A year ago, my AI stack was about tools (even 2-months ago!). Now it's about how work gets decomposed, directed, and executed in real time while you're doing it.

Not about better features. It's about better thinking.

Not everything has changed. I'm still using Claude, Gemini, Comet, NotebookLM, Nano Banana, Descript, GPTs, Skills. Some I've doubled down on, some I've stopped over-optimising.

But three shifts stand out. These are the ones that genuinely changed my behaviour, not just my tool list.

1. Work Depends on the Job You're Solving

What actually changed most is how I decompose work.

This isn't about approaching work as tasks anymore. Work is approached as jobs that need to be structured differently depending on what I'm trying to solve.

A marketing content job breaks down differently than an operations job, which breaks down differently than a data analysis job.

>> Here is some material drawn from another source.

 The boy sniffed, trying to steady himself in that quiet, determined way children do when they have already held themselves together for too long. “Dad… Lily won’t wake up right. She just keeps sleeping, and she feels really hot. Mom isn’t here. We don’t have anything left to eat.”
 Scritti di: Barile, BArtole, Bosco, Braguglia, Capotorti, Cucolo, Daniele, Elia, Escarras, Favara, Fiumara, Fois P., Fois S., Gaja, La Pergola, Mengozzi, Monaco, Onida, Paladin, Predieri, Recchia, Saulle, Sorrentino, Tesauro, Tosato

And how you involve agents shifts with each one.

Here's the framework for how I think about this now:

Define the job → Identify the micro-tasks → Match agents to tasks → Run in parallel → Review and judge

Everything else ladders into that.

For content creation and marketing:

  • The job is: "Create a narrative that moves people."

  • That breaks into different tasks depending on context. LinkedIn post: Research + angle exploration + draft variations + tone testing + narrative refinement.

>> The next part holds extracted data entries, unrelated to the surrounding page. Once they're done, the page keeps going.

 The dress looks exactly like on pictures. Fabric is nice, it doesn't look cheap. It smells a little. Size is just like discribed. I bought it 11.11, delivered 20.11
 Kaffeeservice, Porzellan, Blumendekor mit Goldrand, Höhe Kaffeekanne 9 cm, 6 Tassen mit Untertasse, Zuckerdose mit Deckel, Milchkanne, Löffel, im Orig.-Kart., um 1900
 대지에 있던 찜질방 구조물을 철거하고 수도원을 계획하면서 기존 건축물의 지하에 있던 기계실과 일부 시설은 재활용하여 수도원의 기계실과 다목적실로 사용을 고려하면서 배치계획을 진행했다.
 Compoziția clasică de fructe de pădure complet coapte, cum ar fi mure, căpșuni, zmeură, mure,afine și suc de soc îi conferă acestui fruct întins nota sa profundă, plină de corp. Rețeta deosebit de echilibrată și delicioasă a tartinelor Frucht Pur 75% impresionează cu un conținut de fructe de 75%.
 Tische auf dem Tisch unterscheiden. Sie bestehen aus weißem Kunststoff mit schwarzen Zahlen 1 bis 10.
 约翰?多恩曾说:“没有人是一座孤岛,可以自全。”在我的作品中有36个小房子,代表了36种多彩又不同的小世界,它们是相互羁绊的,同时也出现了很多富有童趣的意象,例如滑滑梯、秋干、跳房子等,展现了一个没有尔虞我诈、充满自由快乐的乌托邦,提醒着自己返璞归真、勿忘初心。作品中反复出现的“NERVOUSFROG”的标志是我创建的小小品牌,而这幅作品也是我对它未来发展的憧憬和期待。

  • Each gets its own agent or conversation thread. Research agents pull trends. Draft agents create variations. And then challenge agents to reshape for different audiences.

Example:

  • I was genuinely stuck on a content idea for the week. No inspiration with a blank page infront of me.

  • Instead of staring at a screen, I spun up an interviewer agent in Google AI Studio.

  • I gave it a topic. It asked me questions about my perspective, what I thought was missing in the discourse, where I disagreed with conventional wisdom.

  • It recorded my answers, transcribed them, then evaluated what I said against source documents I provided.

Suddenly structure is provided to think from. This isn't a polished output by any means, just raw, honest thinking extracted and shaped into something actually useful. Parallel thinking catches things sequential analysis misses.

2. Claude Code Made Context Everything & Has Become The Workbench

This is where the real efficiency lives, and it looks nothing like the automation fantasy or building apps with code.

My old workflow was:

  1. ask in a chat, get an answer

  2. copy it

  3. paste it into a doc

  4. switch tools

  5. repeat.

Context lived in my head, not in the system. Work got fragmented across tabs and every new chat was basically “start again, but faster”.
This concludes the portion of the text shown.